Much of London in the Raw plays a bit like a city guide for tourists looking for a bit of a bit of illicit fun, providing pointers to places in which you could ogle half-naked women and still maintain a level of respectability. There are some you'll probably be familiar with – I'm guessing there werent too many businessmen who went to see belly dancing as patrons of the performing arts – but a couple were certainly new to me, including a club where you get to whip out your sketch book and do a bit of life drawing after you've eaten.

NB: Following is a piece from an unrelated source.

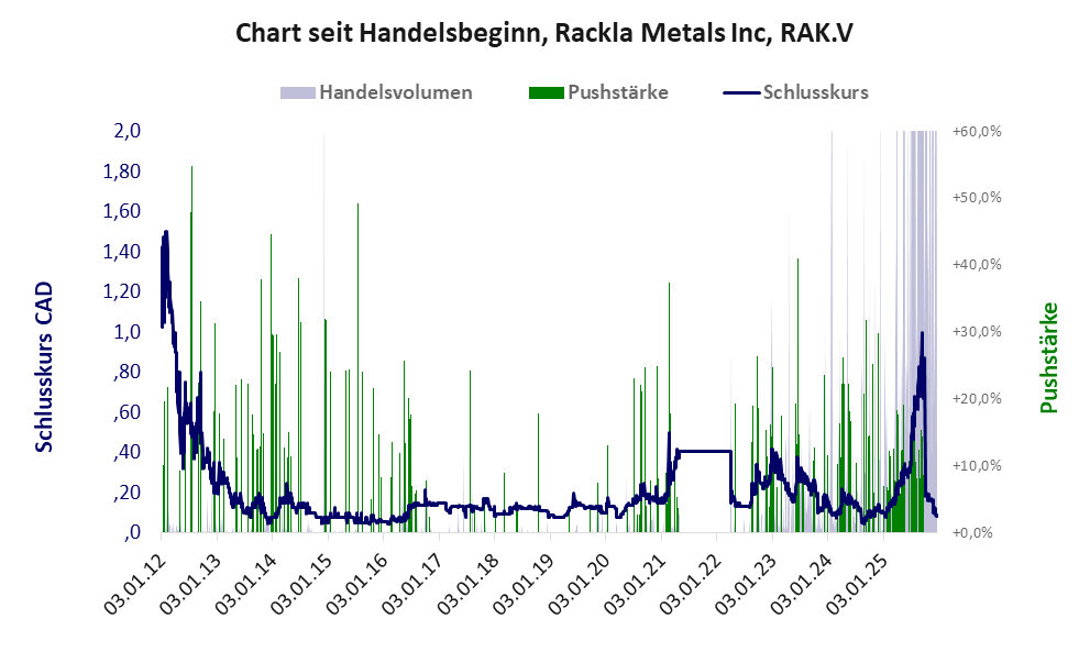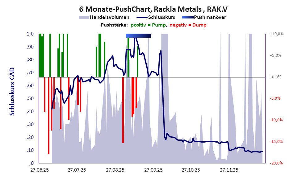 Bei dieser Aktie liegt das „Inkassomodell“ vor, bei dem der Aktienkurs zu Beginn der Geschichte sein Allzeithoch hat. Die Akteure verkaufen schon zu Beginn nach und nach ihre billigst erworbenen Aktien, so dass der Kurs in verhältnismäßig kurzer Zeit abstürzt. Danach dümpelt der Aktienkurs in den meistn Fällen nahe null dahin und die Aktie dient nur noch kleineren, dennoch gewinnbringenden Pushmanövern und in vielen Fällen dem Algotrading. Dem ersten Einbruch nachfolgende größere Pushmanöver sind aber nicht ausgeschlossen.

There's a surprisingly progressive view of an already multicultural city, with stop-offs at ethnic restaurants and voice-over contributions from cultural representatives on their experience of living in London. This is countered somewhat by an attitude to women that's occasionally so outrageous that it's hard to know if the narrator is taking the piss. As the camera locks in on female thighs and buttocks being wobbled down to size by health club machinery, the voice-over states categorically, "There isn't a woman living who wouldn't sacrifice health for appearance," then says of a woman who buys herself a new bra, "There, that's given her a little something. More confidence, an extra spring in her step. Anyway, she certainly looks better." Mind you, male vanity also gets the once over in the shape of a particularly gruesome hair transplant operation that's shown in all it's eye watering detail, a sequence that should have even the marginally sensitive groaning and peering through their fingers. Elsewhere this narration becomes unexpectedly judgemental, with those caught up in the selling and use of illegal drugs presented in almost satanic terms (an image aided by cinematographer Stanley A. Long's demonic uplighting) and an open disdain expressed for unlicensed clubs, which are condemned as "a complete sham, a clip trap for the unwary visitor."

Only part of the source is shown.